▸ **TASK DESCRIPTION**: Exact copies of all the entries are required, and no pictures should appear in them.

▸ **THE RECORDS**:

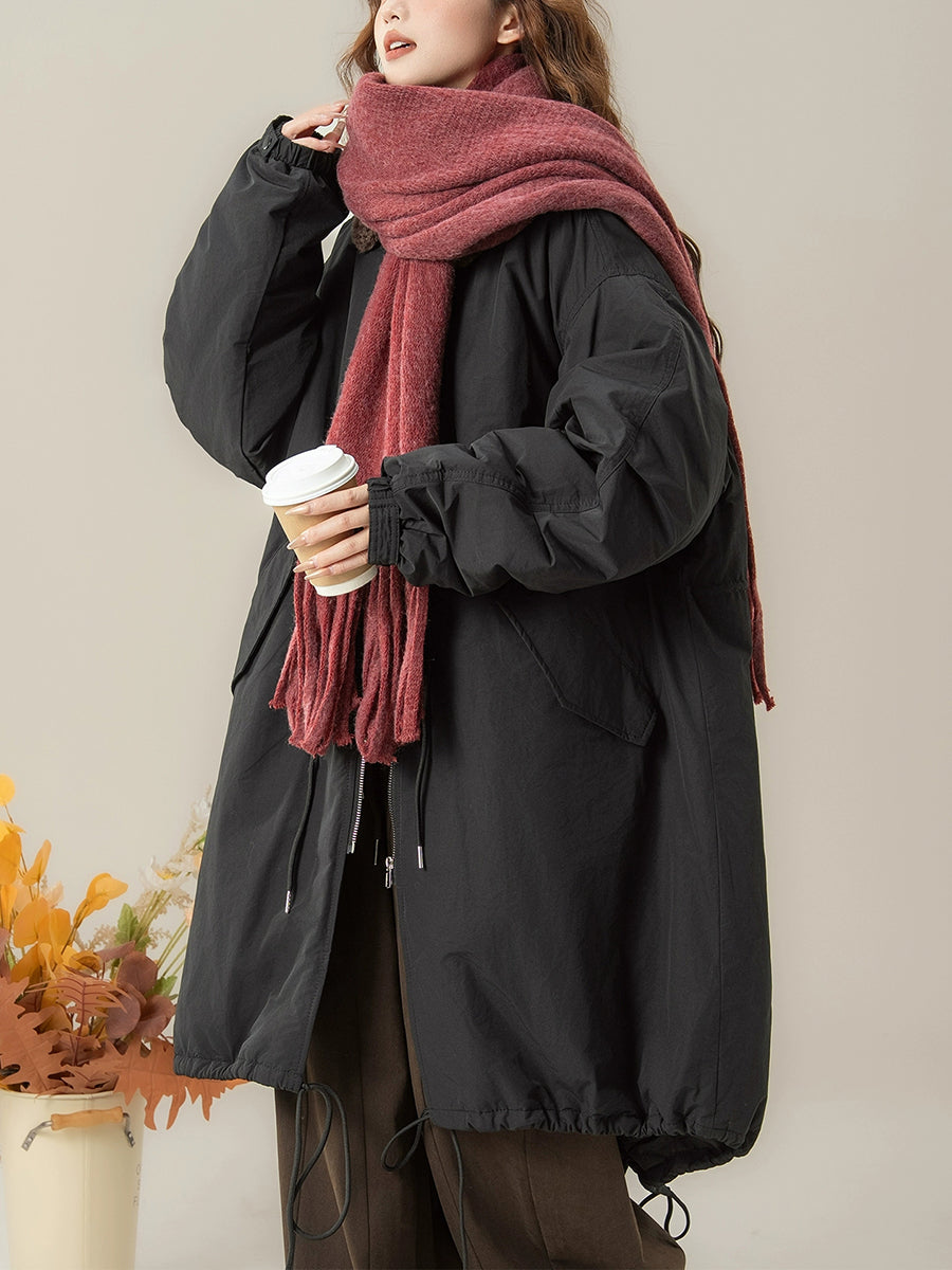 Diseñado para invierno y otoño, este abrigo presenta un diseño de color liso con un clásico cuello vuelto. Ofrece mangas raglán largas con un estilo retro que combina elegancia atemporal con una calidez práctica.
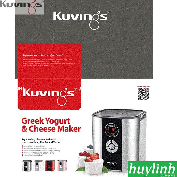 Máy làm sữa chua Kuvings KGC-712CB với chức năng làm sữa chua, làm pho mát, làm dấm-làm sirô, làm dưa muối-làm rượu trái cây, gồm 2 lồng ủ (lồng ủ này sử dụng được trong lò vi sóng nhưng không quá 2 phút), có màn hình hiển thị LCDSản phẩm được sản xuất tại Hàn Quốc, Huy Linh phân phối và bảo hành 12 tháng chính hãng
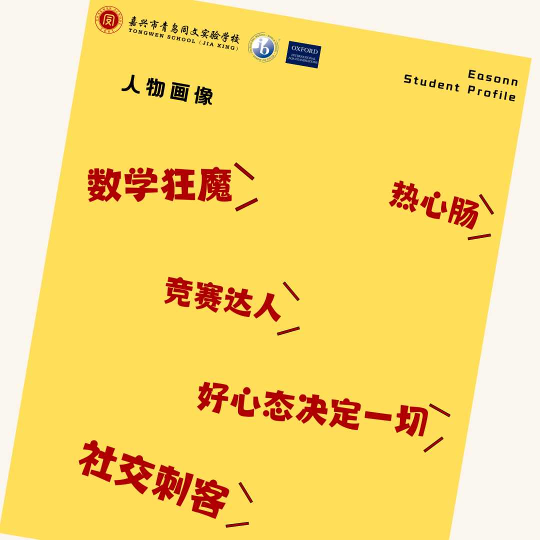 Eason是人盡皆知的數(shù)學(xué)大神。10年級剛開始的時(shí)候他就自學(xué)完了IGCSE所有的數(shù)學(xué)指導(dǎo),并利用晚自修時(shí)間,給同班的六名同學(xué)(??汲煽冊贒)輔導(dǎo)IGCSE數(shù)學(xué),包括幾何、代數(shù)和函數(shù)。所有學(xué)生最后在IGCSE正式考試中都取得了B的成績。11年級的π日,他受邀向小學(xué)生分享了自己的數(shù)學(xué)學(xué)習(xí)經(jīng)驗(yàn),利用卡通的形式將復(fù)雜的數(shù)學(xué)問題簡單化。12年級在各個(gè)DDL的催促下,他每周還會(huì)用一個(gè)晚自修的時(shí)間帶領(lǐng)10年級的學(xué)弟學(xué)妹們打SIC競賽。即使在壓力爆棚的IBDP全球統(tǒng)考考試期間,他仍會(huì)花自己的時(shí)間為同學(xué)耐心地講解數(shù)學(xué)題。
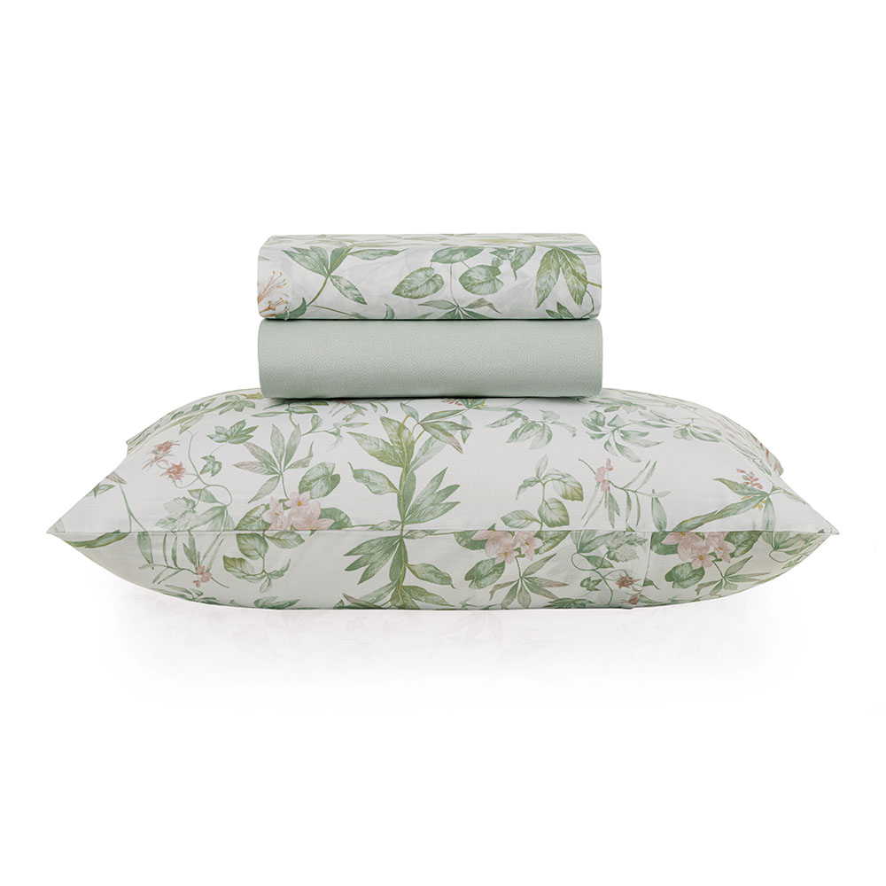 Descrição Visual Fronha e sobrelençol com fundo branco e estampa floral em tons de verde. Lençol com elástico em poá verde.
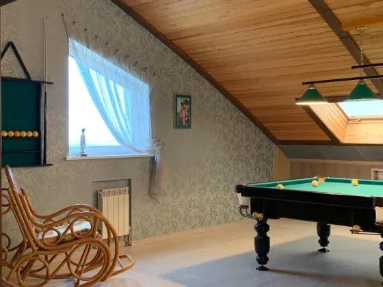 Продается половина дома (таунхаус) в районе поселка Юбилейный (ул. Летняя), 2011 года постройки. Дом располагается в живописном и тихом месте города с прекрасным видом на Волгу. Общая площадь дома (330 кв.м.) полностью готов к проживанию, ремонт выполнен из дорогих и качественных материалов. На цокольном этаже располагается кинотеатр и тех. помещение. На первом этаже холл, кухня-гостиная, сан.узел. На втором этаже две спальни, гардеробная и сан.узел, Так же имеется полноценный мансардный этаж, на котором находится гостевая спальня, бильярдная, сан узел и библиотека. Участок общей площадью 8,46 соток. На участке расположен детский стационарный бассейн с фильтрацией и подогревом, детская площадка, телица. Имеется зимний гараж на 1 автомобиль и гараж для квадроциклов, дизельгенераторная с генератором на 6 квт. Дополнительно летний гараж на 2 автомобиля. Отопление индивидуальное (газовый котел), канализация септик с биоочисткой. Просмотр возможен в любое время по предварительной договоренности

▸ **THE COMPLETED TASK**:
 Diseñado para invierno y otoño, este abrigo presenta un diseño de color liso con un clásico cuello vuelto. Ofrece mangas raglán largas con un estilo retro que combina elegancia atemporal con una calidez práctica.
 Máy làm sữa chua Kuvings KGC-712CB với chức năng làm sữa chua, làm pho mát, làm dấm-làm sirô, làm dưa muối-làm rượu trái cây, gồm 2 lồng ủ (lồng ủ này sử dụng được trong lò vi sóng nhưng không quá 2 phút), có màn hình hiển thị LCDSản phẩm được sản xuất tại Hàn Quốc, Huy Linh phân phối và bảo hành 12 tháng chính hãng
 Eason是人盡皆知的數(shù)學(xué)大神。10年級剛開始的時(shí)候他就自學(xué)完了IGCSE所有的數(shù)學(xué)指導(dǎo),并利用晚自修時(shí)間,給同班的六名同學(xué)(??汲煽冊贒)輔導(dǎo)IGCSE數(shù)學(xué),包括幾何、代數(shù)和函數(shù)。所有學(xué)生最后在IGCSE正式考試中都取得了B的成績。11年級的π日,他受邀向小學(xué)生分享了自己的數(shù)學(xué)學(xué)習(xí)經(jīng)驗(yàn),利用卡通的形式將復(fù)雜的數(shù)學(xué)問題簡單化。12年級在各個(gè)DDL的催促下,他每周還會(huì)用一個(gè)晚自修的時(shí)間帶領(lǐng)10年級的學(xué)弟學(xué)妹們打SIC競賽。即使在壓力爆棚的IBDP全球統(tǒng)考考試期間,他仍會(huì)花自己的時(shí)間為同學(xué)耐心地講解數(shù)學(xué)題。
 Descrição Visual Fronha e sobrelençol com fundo branco e estampa floral em tons de verde. Lençol com elástico em poá verde.
 Продается половина дома (таунхаус) в районе поселка Юбилейный (ул. Летняя), 2011 года постройки. Дом располагается в живописном и тихом месте города с прекрасным видом на Волгу. Общая площадь дома (330 кв.м.) полностью готов к проживанию, ремонт выполнен из дорогих и качественных материалов. На цокольном этаже располагается кинотеатр и тех. помещение. На первом этаже холл, кухня-гостиная, сан.узел. На втором этаже две спальни, гардеробная и сан.узел, Так же имеется полноценный мансардный этаж, на котором находится гостевая спальня, бильярдная, сан узел и библиотека. Участок общей площадью 8,46 соток. На участке расположен детский стационарный бассейн с фильтрацией и подогревом, детская площадка, телица. Имеется зимний гараж на 1 автомобиль и гараж для квадроциклов, дизельгенераторная с генератором на 6 квт. Дополнительно летний гараж на 2 автомобиля. Отопление индивидуальное (газовый котел), канализация септик с биоочисткой. Просмотр возможен в любое время по предварительной договоренности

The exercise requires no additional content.